Une détermination sans faille.
Elle pousse à accomplir ce qui a été décidé quelles qu’en soient les conséquences pour soimême ou pour des êtres chers.
Une absence de peur de mourir.
Découle du principe précédent.
Une voie.
Quelle qu’elle soit, combat, magie, technique informatique ou autre, elle met un filtre devant
les yeux du personnage et pousse celui-ci à voir le monde sous cet angle.
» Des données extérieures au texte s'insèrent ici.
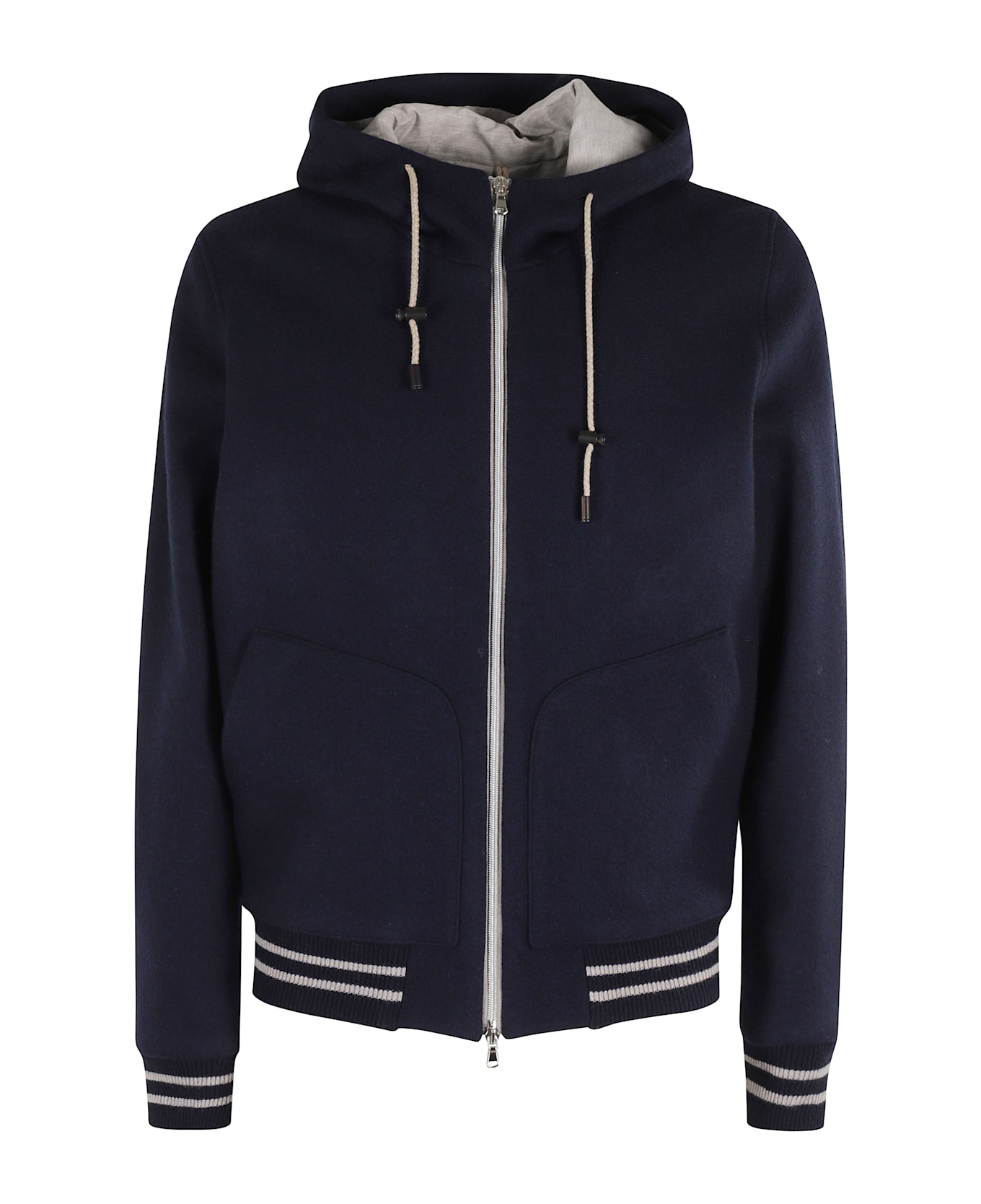 Coat -L. B. M. -Blue color -Long sleeve -Custom drawstring hood -Center zipper closure -Side pockets

La recherche de la perfection.
Le Street Samourai fait les choses complètement et du mieux qu’il peut, que ce soit dans sa
voie ou ailleurs. C’est un perfectionniste doublé d’un optimisateur.
Une absence d’hésitation.
Lorsque vient le moment de l’action, il ne se préoccupe pas de savoir si c’est dangereux ou
mal. Il y va et assume les conséquences en cas d’erreur de jugement. De toute façon, la mort
ne lui fait pas peur.
Bibliographie
Hagakure - Jocho Yamamoto
La voie du samourai dans sa version primitive et débile. Ca se suicide dans tous les sens pour
n'importe qu'elle raison. Inexploitable mais donne une bonne idée du samourai des origines.
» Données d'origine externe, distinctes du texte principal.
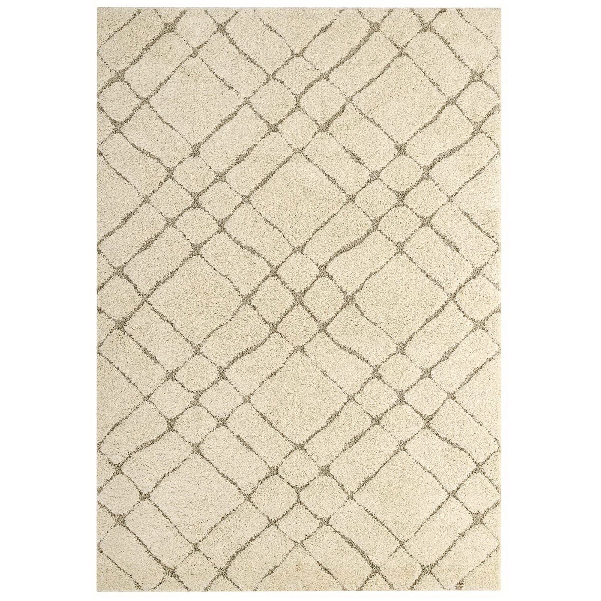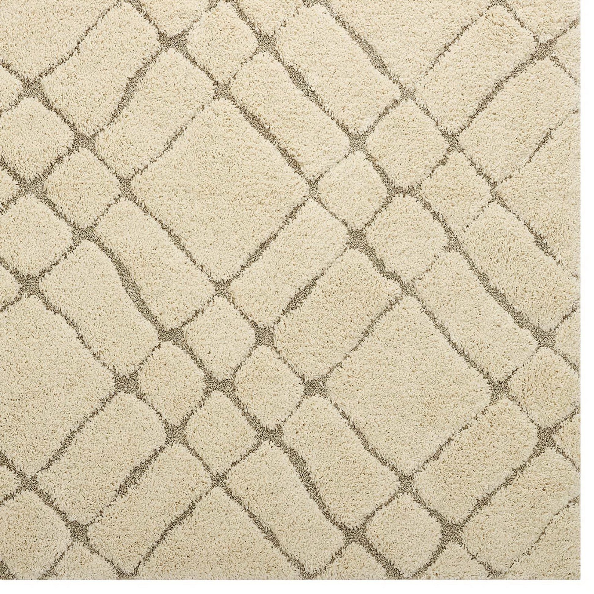 Modway Outlet Jubilant Verona Abstract Geometric Shag 5x8 Area Rug by Modway Living Room Rugs Creame and Beige - R-1149A-58

(Yamamoto s'est retrouvé interdit de Sepuku, ce qui l'a amené à écrire ce livre)
Le Traité des 5 Roues - Miyamoto Musashi
Réactualisation du précédent par un des grands hommes de l'ère Edo. Très pragmatique, plein
de choses applicable dans un sens plus large. A noter que le Sepuku n'est pas encouragé. (Il
me semble)
L'Art de la Guerre - Sun Tzu
Un autre très vieux texte qui a servi de livre de chevet à beaucoup de samourai de toutes les
époques. (ce livre est très ancien). Tout le monde vous dira qu'il est génial. Je le trouve
illisible si on n'est pas TRES balaise en culture chinoise.
Comprendre et appliquer l'Art de la Guerre - Pierre Fayard
Le précédent passé à la moulinette et expliqué par et pour les occidentaux. Très bien fait,
accessible et applicable. Et l'auteur baigne dans l'intelligence économique pour vous dire si ce
n'est pas innocent.
Bushido - Inazo Nitobe
Le samourai dans la vie de tous les jours. Très sympathique et écrit à destination
d'occidentaux. Très bonne introduction au phénomène.
Zen et Arts Martiaux - Taisen Deshimaru
Tout est dans le titre. Style très accessible. Contient de vrais morceaux de Street-Samourai
dedans.
Le Chrysanthème et le Sabre - Ruth Benedict
Ecrit par une américaine pendant la 2° guerre mondiale pour permettre aux militaires US de
comprendre ce pays. Très bien fait, explique vraiment les fondamentaux de la société
japonaise. Pas de rapport directe avec l'optique Samourai, mais permet de mettre en
perspective les autres livres et de comprendre d'où vient la mentalité Samourai.
Burning Chrome: Johnny Mnemonic, Neuromancer, Mona Lisa Overdrive (à faire
précéder de Comte Zero) - William Gibson
L'archétype du Street Samourai auquel je fais référence tout le temps, Molly.
Samourai Virtuel - Neil Stephenson
Une autre approche qui permet de changer un peu de style.
HAGAKURE - LA VOIE ULTIME
Une autre vision du Street Samourai disponible sur le SDEN par Bobba.